Она с трудом открыла глаза. Ей было плохо, лицо покрыли испарина и мертвенная бледность. Из последних сил она дотянула самолет до посадки.

– Прилетели? Что случилось? – подбежал Лауфенберг, – я вижу, – заметил он обеспокоено, – сватовство прошло неудачно.

– Куда уж хуже, – Эрих поднял Хелене из кабины и на руках понес к небольшому лесочку, где располагались службы полка, – Дрезден бомбили, – сообщил он на ходу Лауфенбергу, – фрау Райч погибла. Взгляни на машину Хелене – на ней живого места нет. Хелене едва осталась жива. Позови врача.

Хелене бил озноб. Она то бессвязно бредила, то кричала в истерике, не в силах сдержать своего отчаяния. Полковой доктор испробовал все успокоительные, в том числе и те, которые передал Эриху врач в Дрездене – лекарства не действовали. Лауфенберг продолжал исполнять обязанности командира полка, приняв все меры, чтобы Райч никто не беспокоил. Понимая, что состояние Хелене вызвано сильнейшим стрессом, который ей пришлось испытать, Эрих возился с ней, как с ребенком – укачивал на руках, успокаивал, согревал своим телом. Перепуганная Зизи то и дело приносила компрессы и горячее питье. Только глубоко заполночь Хелене стала успокаиваться и забылась тяжелым сном. Убедившись, что кризис миновал, Эрих оставил ее на попечение Зизи, а сам направился к Лауфенбергу. Андрис встретил его вопросом:

– Ну как она?

– Мне кажется, лучше, – Эрих устало опустился на складной стул напротив, – как здесь?

– Горячо, – щелкнув зажигалкой, Лауфенберг закурил сигарету. Он осунулся, лицо было серым, – над Одером ежедневно такая карусель! – он присвистнул, – наши навели переправу, чтобы отвести войска на тот берег. Нас бомбят, уже трижды потопили, – продолжал он устало, – надо прикрывать. Но сам знаешь, эскадрильи только называются эскадрильями, самолетов в них едва ли не вполовину. Твоя машина исправна? Я послал механиков посмотреть еще…

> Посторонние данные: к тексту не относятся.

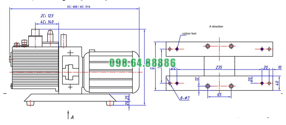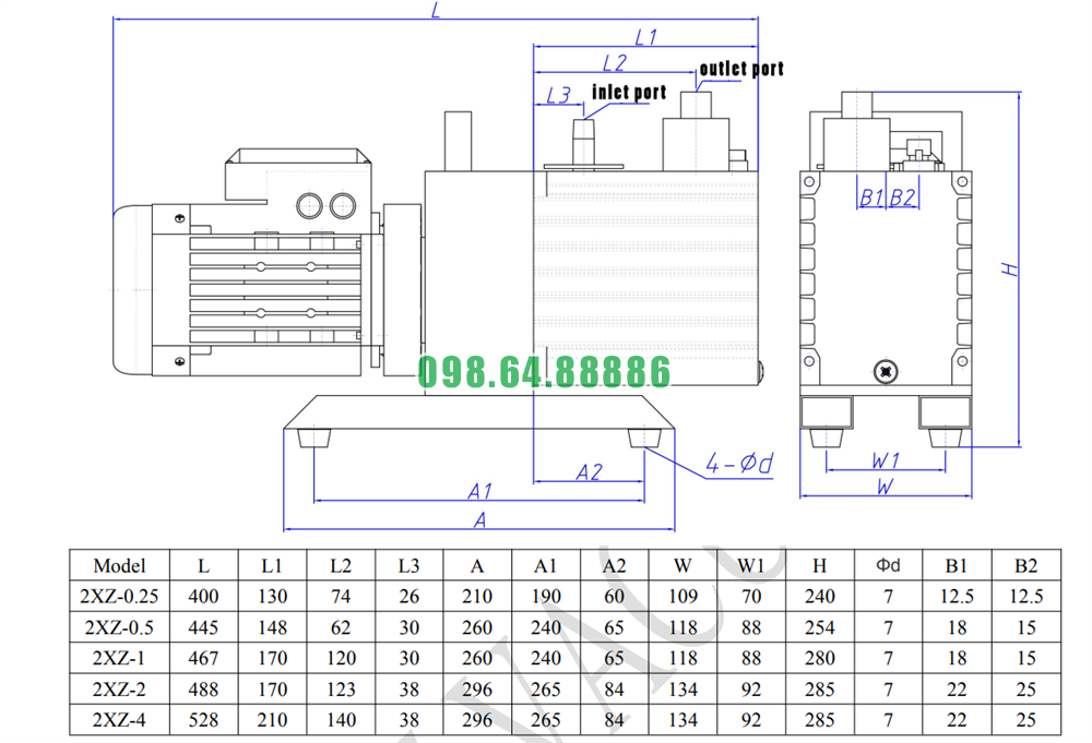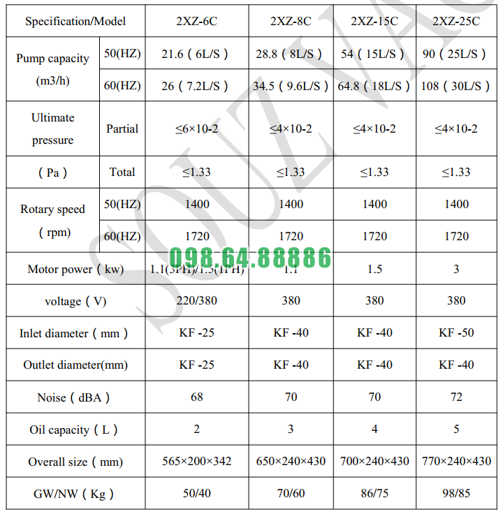 Bơm hút chân không 2XZ-6C công suất 1.1 kW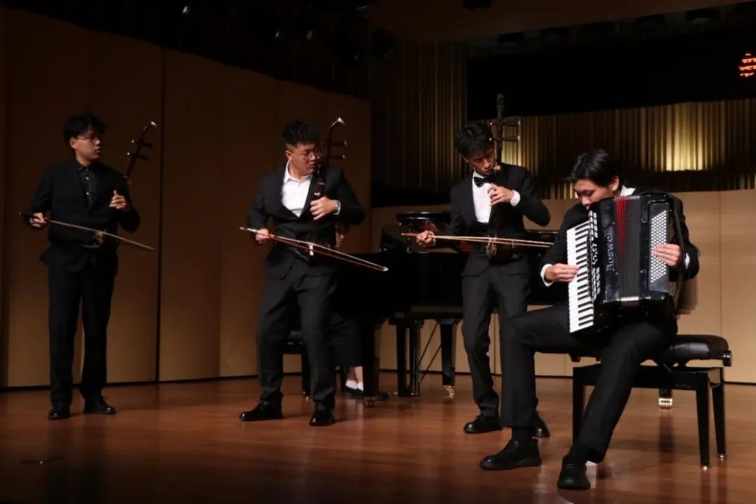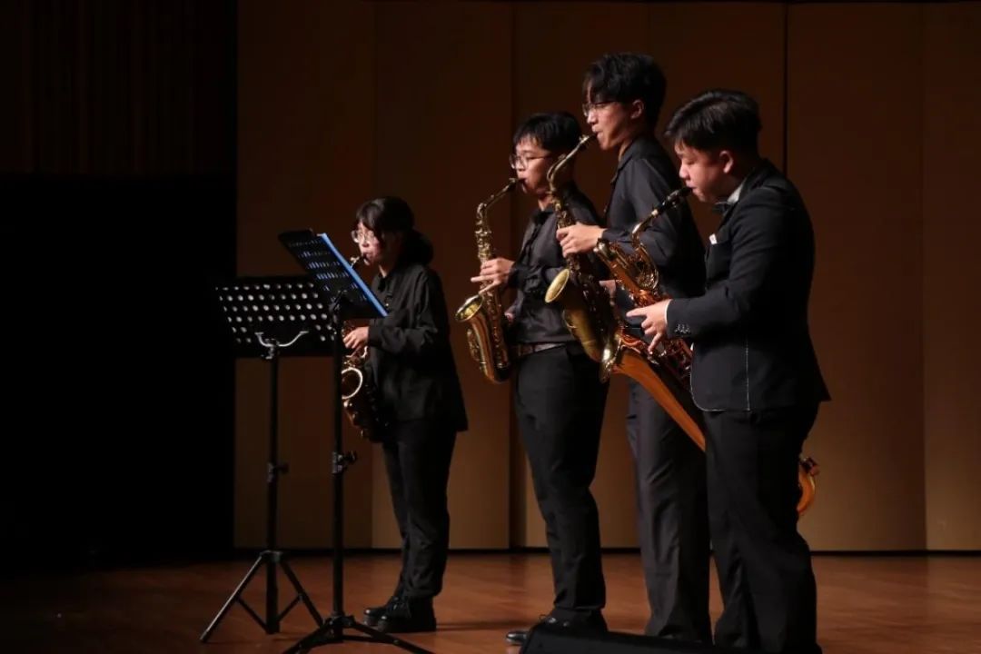 萨克斯四重奏《卡农》,低沉和高昂的萨克斯声的相互交叠,相互分离,给观众以奇妙的听觉体验。情感真挚动人,感情张力强烈。《自由探戈》在传统的古典乐旋律内注入了爵士等新的音乐元素,既保持了传统的民族性,又具有现代风格,让人耳目一新。《我的祖国》旋律悠扬婉转,似娓娓道来,轻声诉说。当现场旋律响起,勾起了每一位听众内心汹涌的爱国情怀。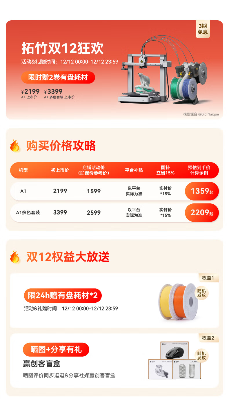 bambulabA1 3D打印机桌面家用FDM全自动调平高速3d打印机器【大陆版】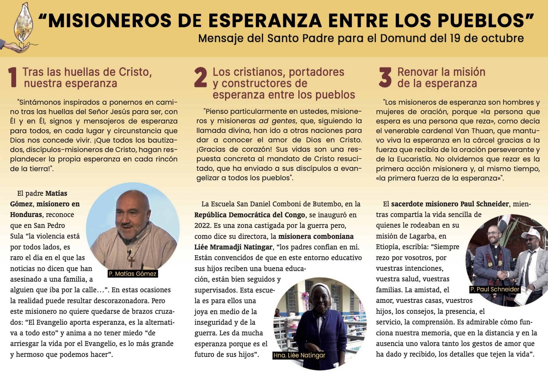Como signo de unión a todos los enfermos misioneros, se recibe el tríptico de enfermos, que es un recordatorio de la vinculación con la misión y los misioneros. Este es el último: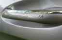Die Tür hat eine kleine Beule sowie mehrere leichte Kratzer....siehe Bilder.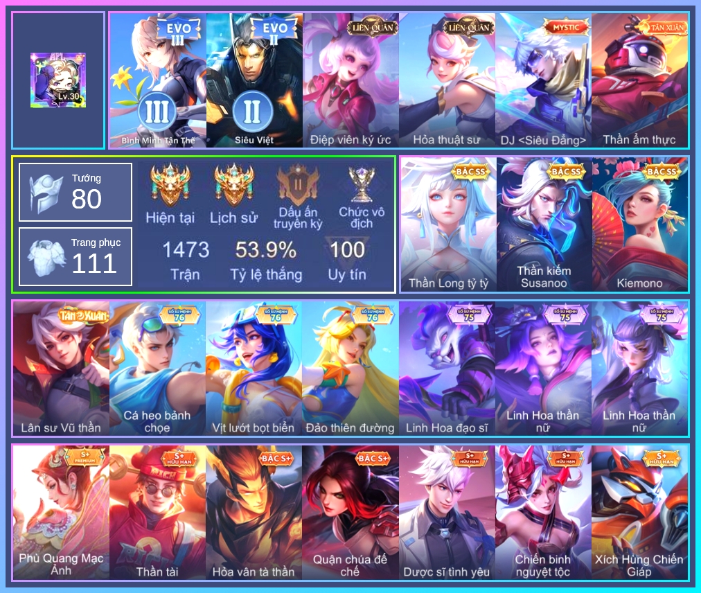 Arthur Lãnh chúa xương, Arthur Siêu sao Cricket, Arthur Đặc cảnh băng lôi, Krixi Xứ Sở Thần Tiên, Krixi Phó văn nghệ, Krixi Thuỷ Thủ, TelAnnas Giám thị thân thiện, Telannas Thánh nữ mật hội, Telannas Dạ hội, Tel Annas Jujutsu Sorcerer, Valhein Hoàng tử Quạ, Valhein Hoàng tử Băng, Valhein Thần tài, Lữ Bố Hoả Long Chiến Thần, Violet Tay Súng Siêu Phẩm, Violet Huy Chương Vàng, Violet Thần long tỷ tỷ, Butterfly Quận Chúa Đế Chế, Butterfly Gánh anh đến cùng, Butterfly Bình Minh Tận Thế, Fennik Nhà thám hiểm, Fennik Tiệc Bánh Kẹo, Triệu Vân Quý Công Tử, Allain Lân sư Vũ thần, Maloch Ác Ma Địa Ngục, Maloch Ác nhân vô tuyến, Maloch Đại ca Mukbang, Stuart Vua hề, Alice bé du xuân, Grakk Thần ẩm thực, Richter Kiếm thần Susanoo, Richter Quang vinh 2.0, Ngộ Không Đạo tặc, Ngộ Không Cổ thần Ai Cập, Slimz Linh Hoa đạo sĩ, Kahlii Kim cô giáo chủ, Kahlii Linh Hoa thần nữ, Mganga Doombot Hủy Diệt, Toro Trung Phong Cắm, Toro Ngưu hải vương, Amily Thám tử trung học, Taara Hỏa Ngọc Nữ Đế, Taara Tư lệnh hải âu, Roxie Hỏa thuật sư, Azzenka Quang Vinh 2.0, AzzenKa Giáng sinh An lành, Aya Điệp viên ký ức, Aya Thủy thủ, Errol Diệt nguyệt tiên phong, Errol Quái vật cương thi, Errol Stream đến bao giờ, Zuka Đại Phú Ông, Zuka Phát Tài, Zuka Gấu Nhồi Bông, Zuka Xích Hùng Chiến Giáp, Yena Chiến binh nguyệt tộc, Nakroth Quán quân, Nakroth Producer Tia chớp, Nakroth Siêu Việt 1, Tachi S-Vinh Quang, Kaine Thợ Săn Chính Nghĩa, Veres Thần thoại Hy Lạp, Capheny Hầu gái, Capheny Quân Nhạc Mildar, Capheny S-Quang Vinh, Tulen Phó kỷ luật, Liliana Tiệc bãi biển, Florentino S-Quang Vinh, Keera Nghệ sĩ Graffiti, Keera Hồ điệp, Annette Xứ sở thần tiên, Quillen Trưởng ngoại khoa, Sinestrea S-Quang vinh, Enzo Phẩm chất quý tộc, Enzo Leo núi, Enzo Cá Heo Bảnh Choẹ, Thorne Ước nguyện giáng sinh, Thorne Thám tử trung học, Dolia Môn đồ tập sự, Volkath Quang vinh, Hayate Ngân lang, Elsu Tuyết ưng, Elsu DJ Siêu Đẳng, Murad M-TP Thần Tượng Học Đường, Murad Đồ thần đao, Murad Dược Sĩ Tình yêu, Mina Lưỡi hái hoàng kim, Raz Băng Quyền Quán Quân, Lindis Linh Hoa thần nữ, Astrid Hoa anh đào, Thane Mật vụ, Thane Khoảnh khắc vinh quang, Krizzix Crursed Corpse, Zephys Đầu bếp Sashimi, Qi Búp bê Daruma, Celica Vịt lướt bọt biển, Dextra Đảo thiên đường, Lorion Hoả vân tà thần, Teemee Giấc Mơ Ngọt Ngào, Lumburr Golem thảo nguyên, Marja Linh Xà Tư Tế, Marja Phù Quang Mạc Ảnh, Airi Kiemono, Max Trà Chanh, Iggy Bạch hồ ly, Bonnie S Quang Vinh, Laville Tay súng diệt thần, Ryoma Dạ hội, Caesar Bão tố, Ignis Vì sao con khóc, Ybneth Candy Bear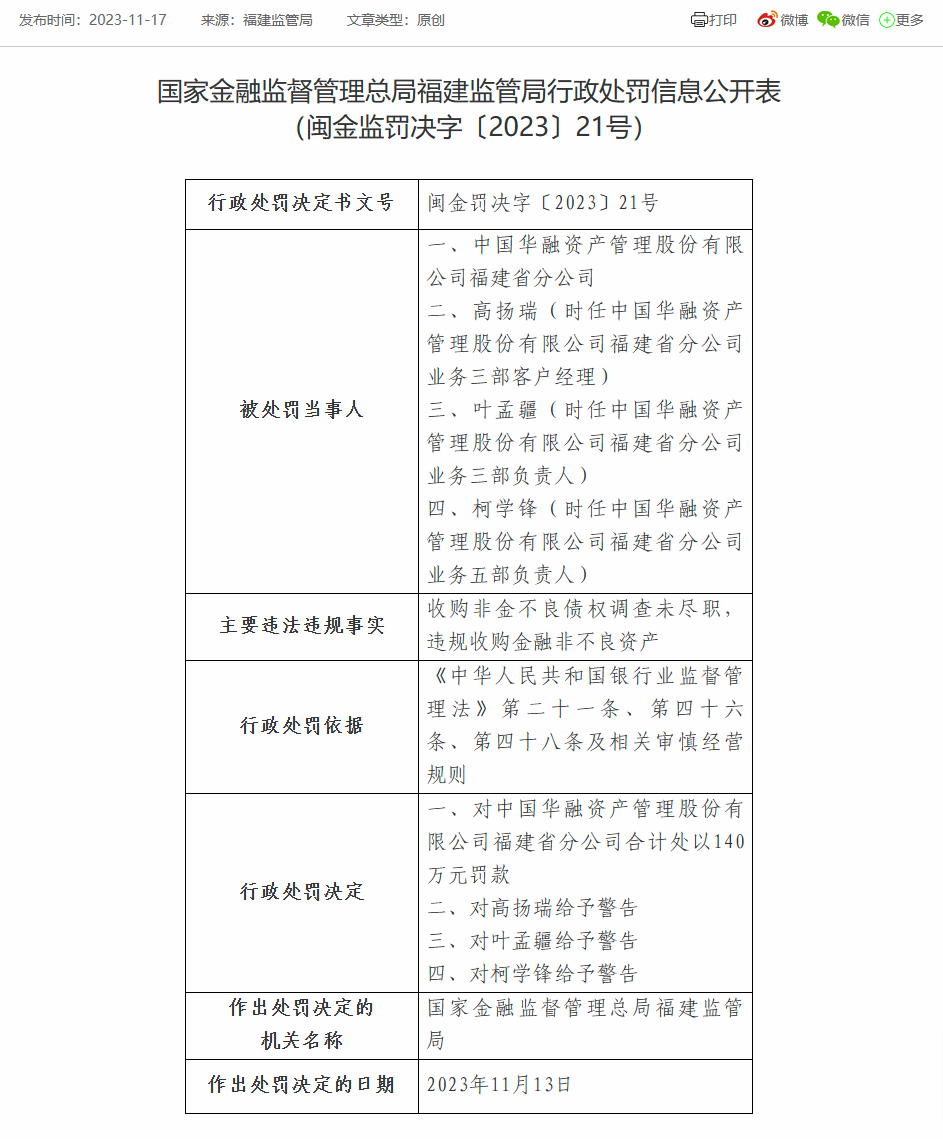 日前,国家金融监督管理总局福建监管局披露行政处罚信息公开表显示,中国华融资产管理股份有限公司福建省分公司因收购非金不良债权调查未尽职,违规收购金融非不良资产,被合计处140万元罚款;作出处罚决定的日期为2023年11月13日。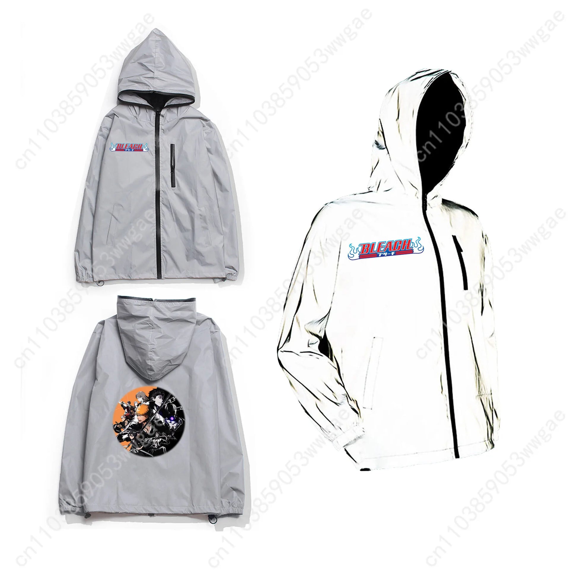 Bleach Reflective Jacket Mens Womens Coat Hooded Windbreaker Run Pocket Jackets Cycling Hiking Zipper Anime Personalized Hoodie
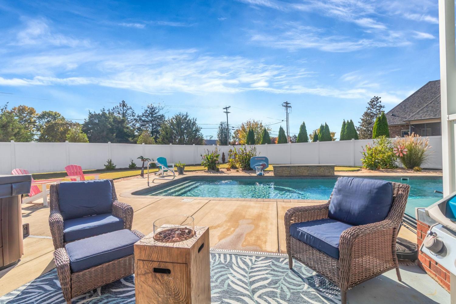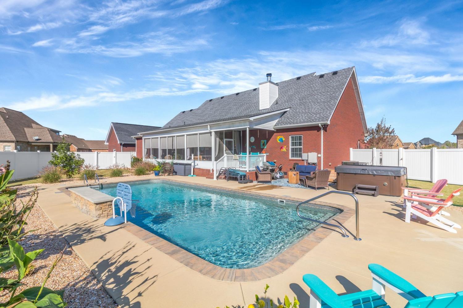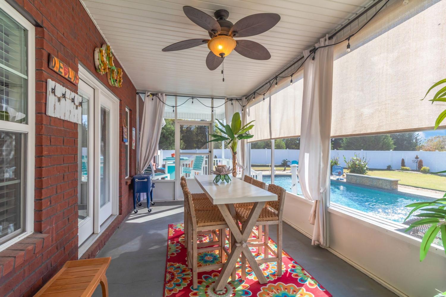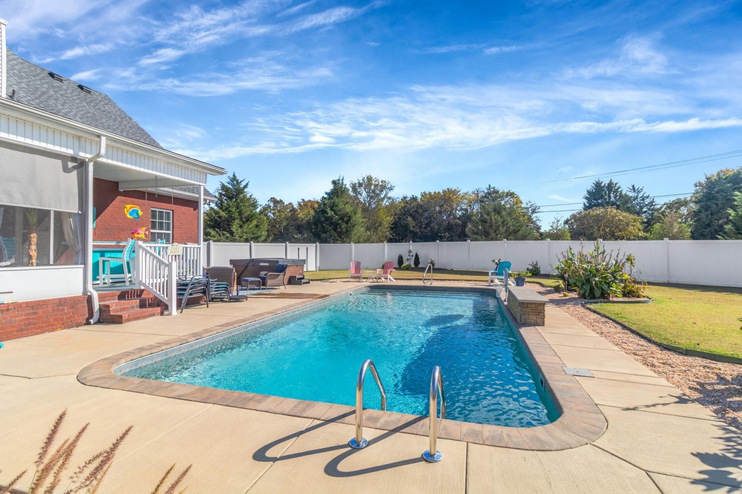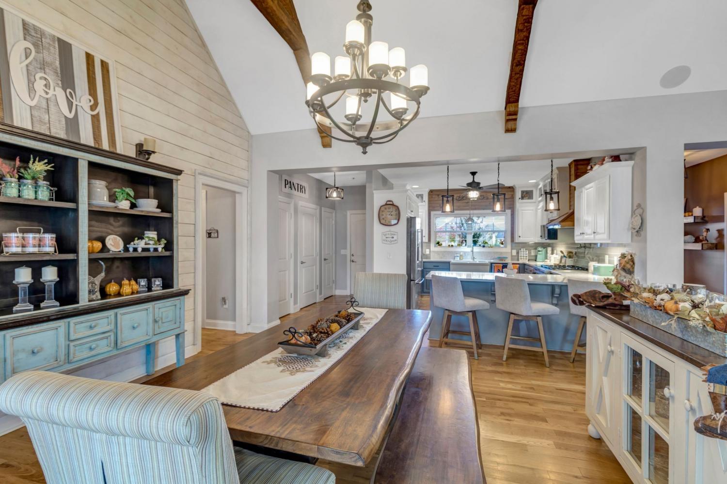 Stunning, Updated Home with 4 Bedrooms on the Main Level! Beautifully renovated with designer finishes throughout. The kitchen features quartz countertops, double ovens, gas cooktop, pot filler, and upgraded appliances. Open living area with exposed beams, shiplap accents, and built-ins flanking a stacked stone wood-burning fireplace. The primary bath has been updated with an upgraded vanity and stylish finishes. Bonus room upstairs converted to a private suite with full bath. Baths feature granite counters and tile finishes. Carpet installed three years ago. Enjoy the screened porch overlooking a large, fenced-in backyard with a 16x36 saltwater heated pool (installed 3 years ago) featuring coping all around, a three-tier waterfall with color-changing lights. Additional highlights include: 3-car attached garage + 1-car detached garage with 220V power & water Encapsulated crawl space Utility room with granite counter, sink & cabinets Move-in ready and full of updates—this home offers luxury, comfort, and outdoor living at its best!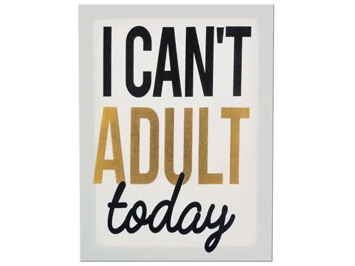 Add a playful touch to your home decor with the 'I Can't Adult Today' Canvas Wall Art. This charming piece features bold black and gold typography printed on a high-quality white canvas, elegantly wrapped around a durable composite wood frame.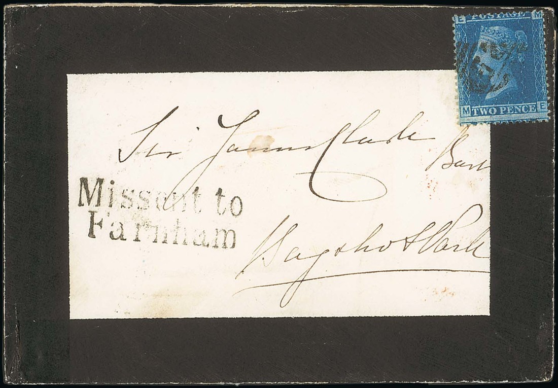 2d. Plate 9: ME tied to mourning envelope dated 23 July 1863, from Cowes Isle of Wight to Bagshot, addressed to Sir James Clarke (physician to Queen Victoria) with "Missent to/Farnham" (only recorded in blue by Willcocks & Jay); superb black Royal seal on the reverse; fine. R.P.S. Certificate (2019). Photo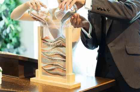 先程紹介した「とろろくん」が当日お手伝いをしてくれたのはたいせつな指輪をおふたりのもとまで運ぶ「リングドッグ」!ゲストからも思わず「可愛い~!!」という反応◎たいせつなご家族を交えての挙式がスタート。お打合せの際におふたりから出てきたご希望「ゲスト参加型の演出がしたい」そこで取り入れたのはサンドセレモニーでした!受付で皆様が入れてくださったものに挙式で結びにおふたりも入れて完成!!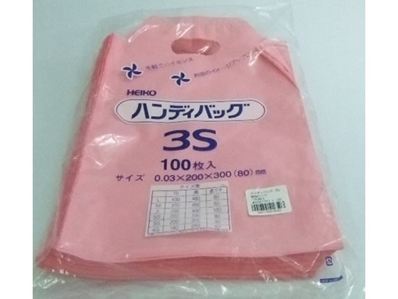 ヘイコー 手提げポリ袋 ハンディバッグ 3Sサイズ 無地ピンク 100枚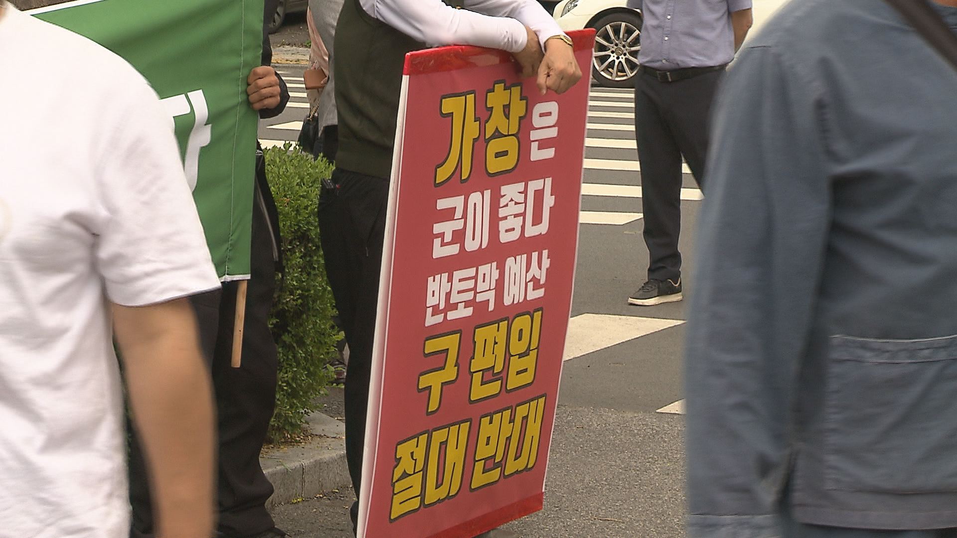 ◀앵커▶지난 3월 초, 홍준표 대구시장이 달성군 가창면을 수성구로 편입하겠다고했죠? 이와 관련한 절차가 시작됐습니다.대구시가 시의회에 관할구역 변경 동의안을 내기 전 주민설명회를 열었는데, 고성만 오가다 끝이 났습니다.찬반으로 팽팽히 나뉜 주민들.갈등의 골만 더 깊어지고 있습니다.김은혜 기자가 보도합니다. ◀...
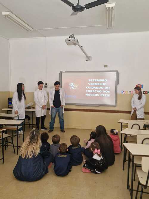 Outra frente de atuação foi o Setembro Vermelho Pet, campanha dedicada à conscientização sobre doenças cardiovasculares em cães e gatos. A ação foi realizada em diferentes pontos da cidade, incluindo escolas e semáforos, onde estudantes conversaram com moradores e distribuíram orientações sobre sinais, prevenção e importância do acompanhamento veterinário.

– Я думаю, она в порядке, – ответил Эрих, глядя, как мелькают огоньки за окном, – готов завтра же в бой.

– Если ремонтники дадут добро, то первым и пойдешь с «Рихтгофен», – согласился Лауфенберг, – «Мелдерс» измотана. «Рихтгофен» я приберег по приказу фон Грайма. Но теперь – ее черед.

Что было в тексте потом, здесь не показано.